Good food needs good soil. More money must be invested in soil science, says Tim Lang


For seven years, Defra has mulled over which indicators to use for soil. Last week, it published its soil strategy, eloquently launched by Defra chief scientist Bob Watson.

How the soil needs such champions! As a child I remember we all laughed at the Kenneth Williams character Arthur Fallowfield in the BBC radio show Beyond our Ken as he chimed "the answer lies in the soil" in a deep West Country accent. A witty put down, implying people bothered about soil are peasants, the past; we're modern, beyond that.

Last year the Royal Agricultural Society of England wrote an impassioned report about the dire state of UK soil science. Any country blessed with the great soil we've inherited should conserve it. Defra says we spend £5m on soil research. Ludicrously low! I say: put a 5p tax on growbags to fund a soil science renaissance. The Defra report says the condition of UK soil is not great but actionable by 2030. It needs to be nurtured like a baby.

Civilisation depends on soil. Managing its fertility over time requires complex social organisation. In the UK, industrialisation 200 years ago broke our management of the cycle whereby human, animal and plant waste could be reincorporated into the soil to build or retain fertility. All that potential fertility became pollution and reservoirs of disease. It wasn't until the sewers were engineered that cities became safer.

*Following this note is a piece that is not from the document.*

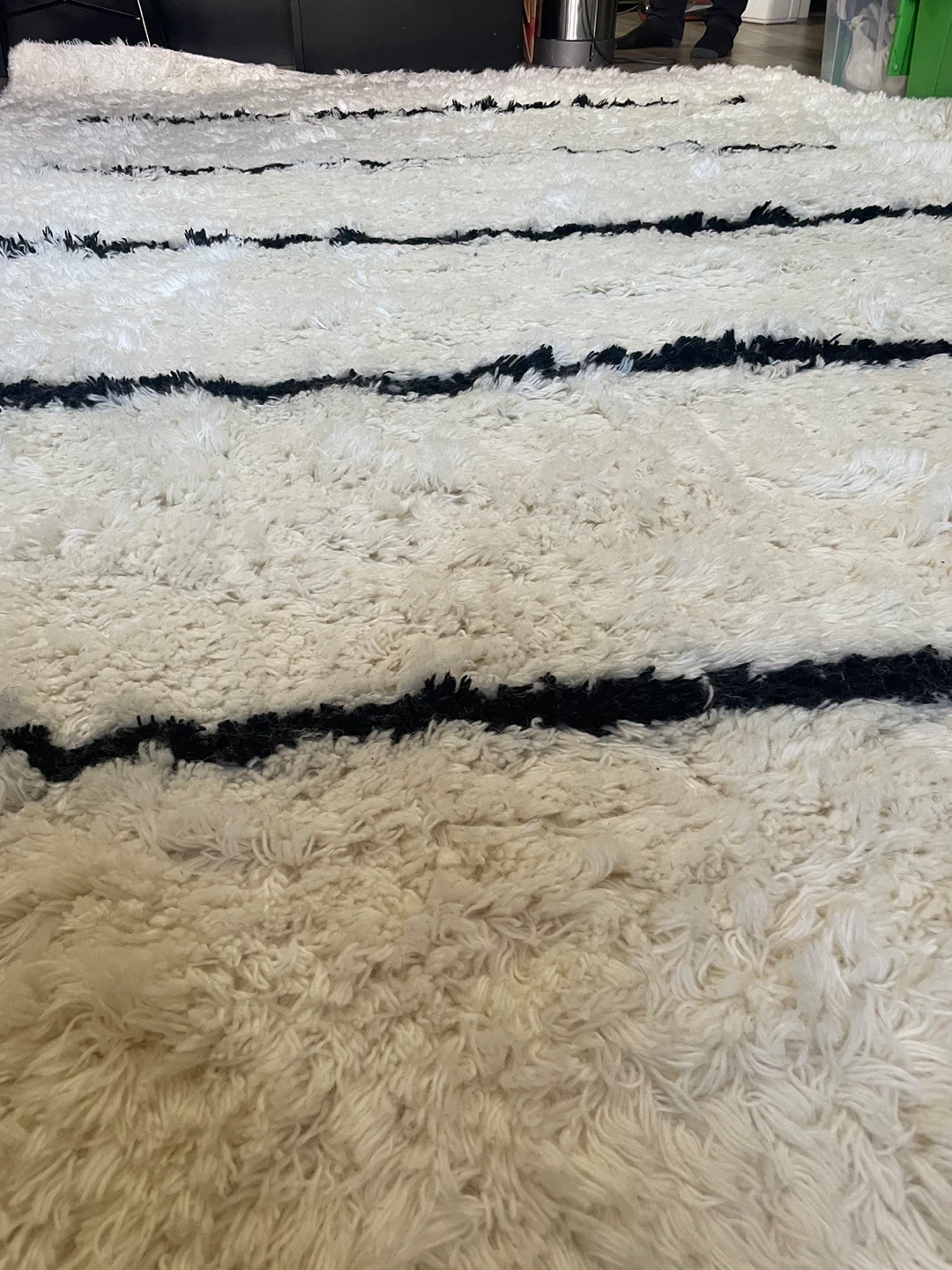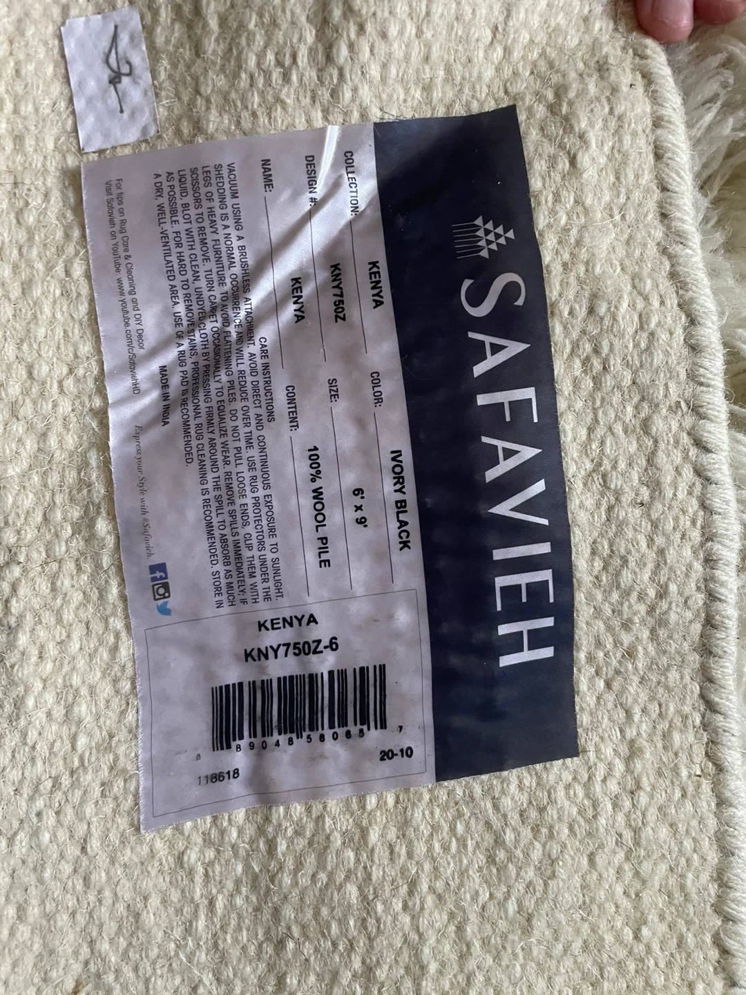 Selling a Safavieh Kenya rug in ivory black. It's a 6' x 9' rug made of 100% wool pile. This rug is designed for reduced shedding and continuous exposure to sunlight.

As so often, it took crises for the rich (notably London's 1854 cholera and the 1858 Great Stink) to unlock purses and invest in prevention. The solution then was to harness rivers to dump human effluent out at sea, thus mixing fertility with dangerous contaminants.

In today's consumerist culture, we think fertility comes out of a bag, something to buy at garden centres or supermarkets. But artificial fertilisers are heavily oil dependent, so current farming methods are set to change pretty dramatically anyway. Our access to phosphates (from Morocco's Atlas Mountains) is both finite and subject to delicacies of geopolitics.

Every food company ought to have a soil science adviser. Good food requires good soil. We need to build that insight into our fumblings towards defining a sustainable diet and food system for the 21st century. Will anyone dare to put soil into their election manifestos or make it an indicator of corporate responsibility audits?